Why? The jitsi video bridge exists and work fine :-)

I think it's hard to integrate them and keep the functionality from both, maybe I'm wrong. But Asterisk does the audio mixing really great, and you have very fine-grained control on recording / muting / menu's etc. You may want the audio in asterisk to do video follow speaker.

So that's my question - could this fit into asterisk architecture to get multiple videos instead of one. I find the Jitsi approach very clever to avoid hitting the cpu too much.

What you are forgetting here is the thing that has stopped us from
doing really cool stuff with video - patents and licensing. The jitsi
video bridge is a nice workaround, but not optimal if you have a lot
of different devices. You put the load on the device and in
bandwidth-constrained environments that's not good.

I think this is a related but different issue. In a 1-1 call you may want to transcode to a different codec, or downsample to save bandwidth I think with VP8 you can do that by just dropping packets, if I got it correctly.

On a conference-call however you may want all video streams (or just one, but asterisk can already do this). Regarding bandwidth people tend to have a lot more bandwidth downstream than upstream.
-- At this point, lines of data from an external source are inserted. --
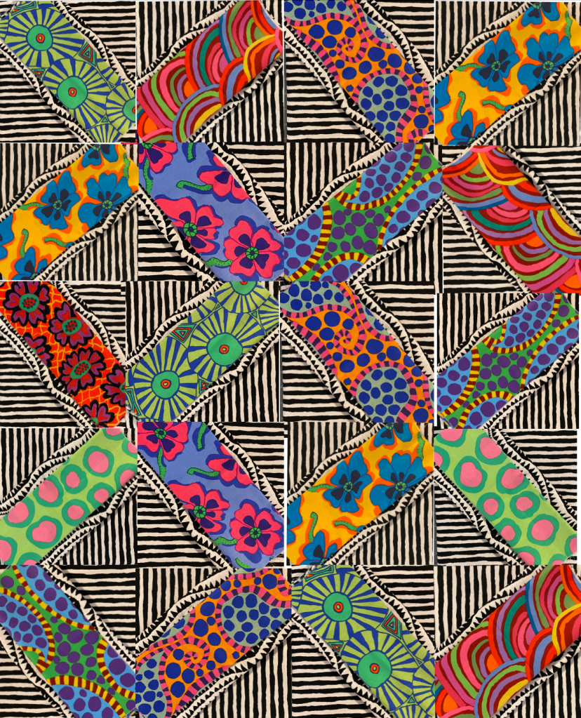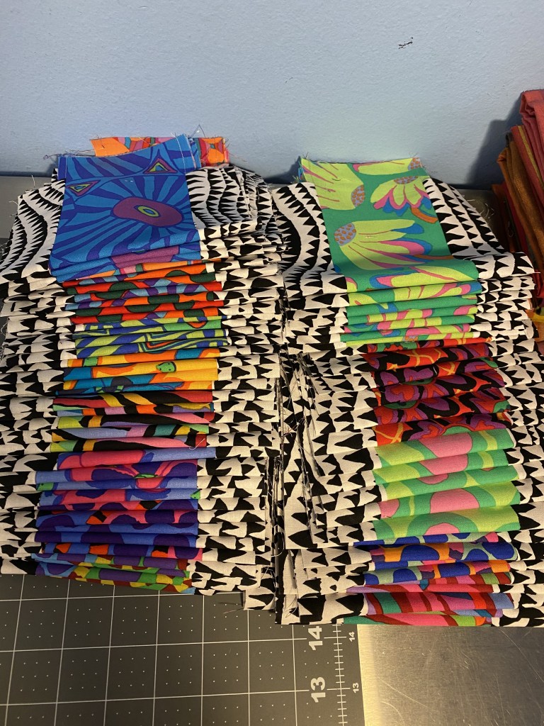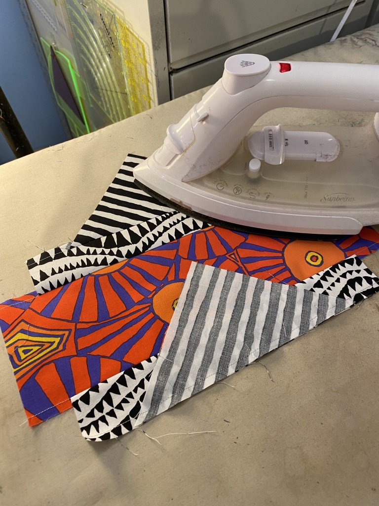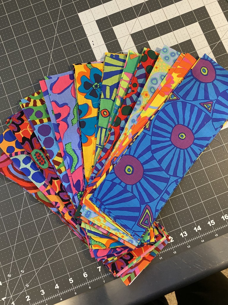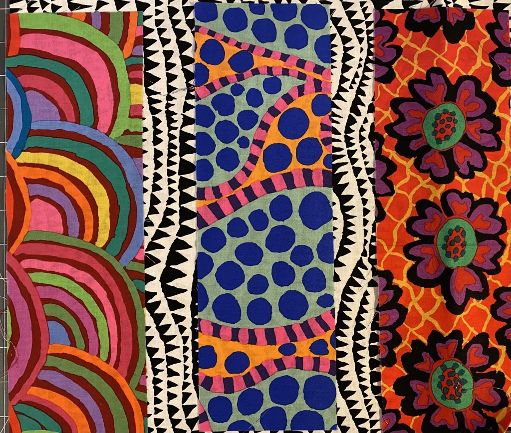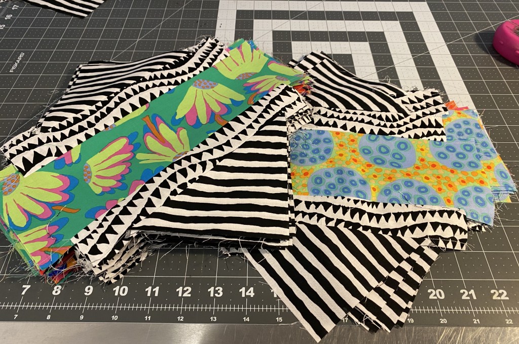 I decided to dig in and make some Frankenbag panels out of the strips I cut off my Aboriginal Libby quilt yesterday. I knew that if I didn’t get it done right away those scarps would sit in a drawer for years.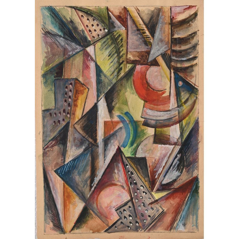 CHICHAGOVA Olga and Galina (1882-1958) and (1891-1966). (Students of Rodchenko). "Constructivist Composition". Watercolour and gouache signed with monograms, one of which in inverted Cyrillic initials, no date. Circa 1920. H.30 L.20,5.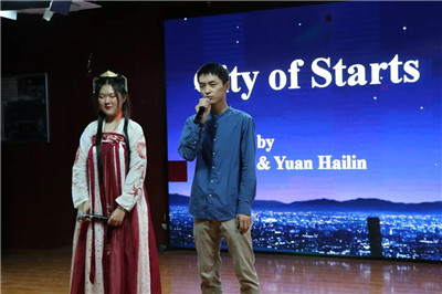 多才多艺的北体人用多种多样的艺术形式向外国友人展示了BETWAY·中国的独特风貌。于昀彤同学的古筝独奏《燕归巢》曲调缓如流水,音色精准细腻,将观众逐渐引入晚会的气氛中;晋艺菲同学的《天涯》极具中国特色,曲调悠扬婉转,时而慷慨时而温婉;随后曲风一转,晋艺菲同学和袁海淋同学共奏《city of stars》,交流团学生亦融入其中,共同合唱,明快的歌声盘旋在大厅的上空。

Video is heavily dependend on peer2peer negotiation and doesn't
really fit well in a PBX b2bua architecture... The jitsi model could
work - but the SDP o/a handling would be really hard to get right in
Asterisk.

This is really the question, if this fits into the Asterisk architecture? Because I expect the clients to be able to decode and play the video streams. Transcoding would be cool also, but is resource intensive.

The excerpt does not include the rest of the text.